Adding special "anonymous" ID here seems to be superfluous.
Than you should stick to that and not send any IDs whatsoever.
If we mandate ID to always be empty in case of NULL Auth,
then what to do if you still receive non-empty ID with NULL Auth?
Reject connection attempt or just ignore received ID?
For me the latter looks more appropriate (just follow
Postel's principle - be tolerant to what others do).
Yes, I would ignore it.
BTW, we have 3 possibility for inidicating "anonymous" ID.
1. Don't send ID Payload at all.
2. Send empty ID Payload (say, Type = 0, Len=0).
3. Send special ID Payload (say, Type=KeyId, Value="anonymous")
For me, case 3 looks the worst, I'd rather to avoid special values.
Case 1 looks the best from theoretical point of view, but
it will add complexity to already over-complicated IKE_AUTH
state machine (note, that currently ID Payload is mandatory).
For me case 2 looks like acceptible compromise.
I don't think this complicates the state machine that much, as it's
clearly distinct by the auth type none payload. My preference is for #1.
What do others think?
Why? Transport mode ESP has no issues with NAT, has it?

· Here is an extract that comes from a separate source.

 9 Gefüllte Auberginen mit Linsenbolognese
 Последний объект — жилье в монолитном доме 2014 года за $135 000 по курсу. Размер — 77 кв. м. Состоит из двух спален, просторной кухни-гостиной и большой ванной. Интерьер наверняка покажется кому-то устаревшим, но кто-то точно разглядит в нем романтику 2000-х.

Yes it does, when multiple clients behind the same NAT router try to
connect to the same remote IPsec gateway.
Can you, please, elaborate? Where the problem come from?

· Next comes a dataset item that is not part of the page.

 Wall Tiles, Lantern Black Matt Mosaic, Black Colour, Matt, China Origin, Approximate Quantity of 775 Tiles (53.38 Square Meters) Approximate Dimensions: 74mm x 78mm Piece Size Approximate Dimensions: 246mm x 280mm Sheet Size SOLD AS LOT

Multiple clients behind the same NAT router with transport mode would use
different NATed UDP ports. The IPsec server can differentiate incoming
packets this way. But for outgoing UDP packet streams (not udp replies)

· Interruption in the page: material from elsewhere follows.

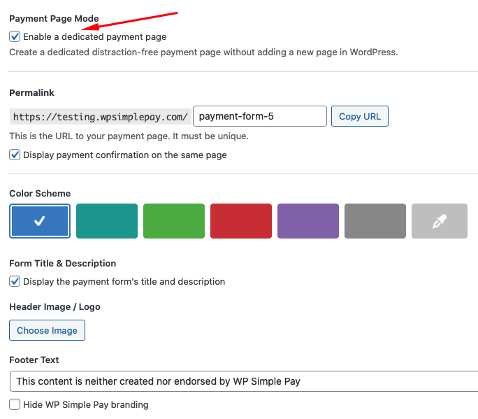 As soon as you click on the checkbox, you’ll be prompted to specify the URL for your payment page, a color scheme for the background, and a header image or logo. You can also choose to show or hide your payment form’s title and description on the page.

it would need to know which of the clients using the same IP this packet
would need to get encrypted to. You would need some kind of "mark"
asociating the SA with the socket. For *swan we did this with an "SAref"
marker. It would use ip_conntrack and put an SPI based iptables MARK
on the packt. For new connections originating from the IPsec gateway,
you could set a socket option (IP_IPSEC_BINDREF) if you know the SPI/MARK.
Why should it be mandatory? Why can't it be left to local security policy?
Because null auth is already weak?
So what? How auth (or the lack of it) is related to PFS?
Then again, I think PFS should be
made mandatory for all IPsec connections.
I tend to agree with you in general, but I still think it is a policy issue.
Stepping back, I agree that we could leave these things out of the auth
none specification.
So, I think that it is worth to separate NULL Auth from OE stuff
and describe all OE related issues in a separate draft, that
will use NULL Auth as a mechanism to skip authentication.
Sure, but than I do really want the ID parts not sent for NULL AUTH.
If draft says that in case of NULL Auth ID Payload SHOULD be sent empty
and MUST be ignored by receiver, will it satisfy you?
Yes, that would be perfect.
By the way, I do prefer the name "auth none" over "auth null". To me,
'null' embodies more of an error condition.